Sudahkah kita “Memiliki Hati Seperti Hati Tuhan Yesus”?
Dalam pengalaman hidup kita, pasti kita pernah bertemu dengan seseorang yang sakit parah. Bagaimana respons kita terhadapnya? Apakah kita hanya bergumam bahwa kondisinya memprihatinkan? Atau, kita meresponinya selangkah lebih maju dengan mendoakannya? Ketika mendoakannya, apakah kita mendoakan untuk kesembuhan fisiknya saja atau juga untuk kondisi rohaninya? Sebenarnya, seseorang bisa merespons dengan banyak cara sesuai dengan kepekaan dan sikap hatinya. Apa respons Yesus terhadap kondisi seperti ini?
Dari seminar “Memiliki Hati seperti Hati Tuhan Yesus”, yang saya ikuti di Griya SABDA pada 3 April 2017, saya belajar lebih mendalam mengenai hati Yesus dari melihat berbagai pelayanan yang dilakukan-Nya. Penekanan materi yang disampaikan oleh Pdt.
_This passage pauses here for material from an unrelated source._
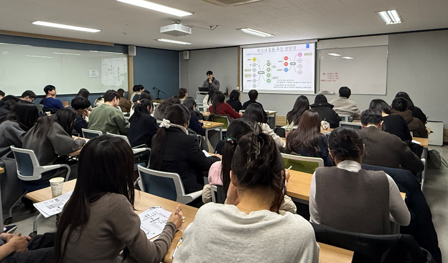 이날 발표는 외용제와 한방약을 주제로 진행됐는데, 심소연 약사가 '여드름 외용제 총정리 및 약국에서의 PDRN 활용'을 주제로 체계적인 정리와 함께 상담 접근법을 공유했다.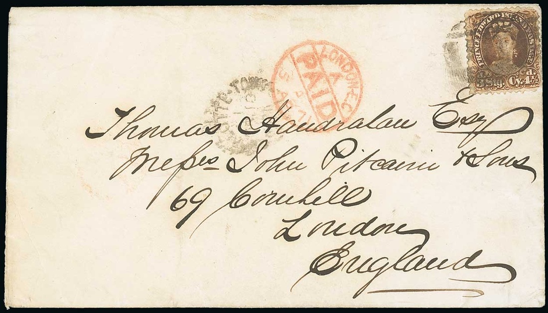 1871 (10 Mar.) envelope from Charlotte Town to London, bearing 1870 4½d. brown cancelled by "13" in oval of bars and showing despatch datestamp and London Paid datestamp (5.4) in red; the adhesive with two rounded corners and the envelope with small tear at lower left corner, nevertheless a very rare franking with this stamp used alone Only twelve covers recorded bearing this stamp. Greene Foundation Certificate (2013). Photo

Yuzo Adinata (Rektor STTRI) dalam seminar ini adalah hati Yesus yang penuh dengan belas kasihan. Hati Yesus tergerak oleh belas kasihan terhadap orang banyak, mulai dari orang yang sakit (Matius 14:14), orang yang lapar (Matius 15:32), orang yang buta (Matius 13), orang yang sakit kusta (Markus 1:41), orang yang kerasukan setan (Markus 9:32), seorang janda di Naim (Lukas 7:13), orang-orang yang terdapat dalam perumpamaan “orang yang berhutang banyak”, “orang Samaria yang baik hati”, “anak yang hilang”, hingga orang-orang (“domba”) yang membutuhkan kepemimpinan Kristus. Melalui pelayanan-Nya, Tuhan Yesus menyingkapkan kepada kita bahwa ketika Ia berada di antara mereka, Ia tidak melihat keadaan mereka sebagai kesulitan, tetapi sebagai kebutuhan. Ketika Yesus bisa melihat adanya kebutuhan dalam diri orang-orang tersebut, Ia akan melakukan hal-hal yang sangat dibutuhkan mereka, bukan hanya memberikan kesembuhan, pemulihan, kebebasan, melainkan kasih.
Cara pandang manusia memang berbeda dengan cara pandang Yesus, dan cara pandang inilah yang akhirnya akan menentukan cara berpikir dan tindakan kita. Jika manusia melihat kondisi yang tidak menyenangkan sebagai kesulitan, Yesus justru melihatnya sebagai kebutuhan dan kesempatan untuk menyatakan kasih. Mari kita merenungkan sejenak, apakah kita sudah memiliki hati seperti Yesus ketika kita melayani? Apakah hidup kita dipimpin oleh Tuhan atau keinginan diri sendiri?
Melalui seminar ini, saya diingatkan betapa pentingnya memiliki hati yang berbelas kasih ketika melayani orang lain. Banyak hal bisa kita lakukan, tetapi melakukan dengan hati yang berbelas kasih jauh lebih berguna dan bernilai. Sebagai orang percaya, kita harus mendengarkan dan meneladani Kristus supaya cara pandang dan tindakan kita seturut dengan kehendak dan isi hati-Nya.
Cetak tulisan ini
October 2nd, 2017 - 10:09
Ya benar. Hidup kita sebagai orang Kristen yang percaya harusnya mendengarkan dan meneladani Kristus. Meskipun berbeda cara pandang antara manusia dan Yesus, kiranya hidup setiap orang dipimpin oleh Tuhan dan roh kudus agar dapat menyatakan kasih Allah. Tuhan Yesus memberkati.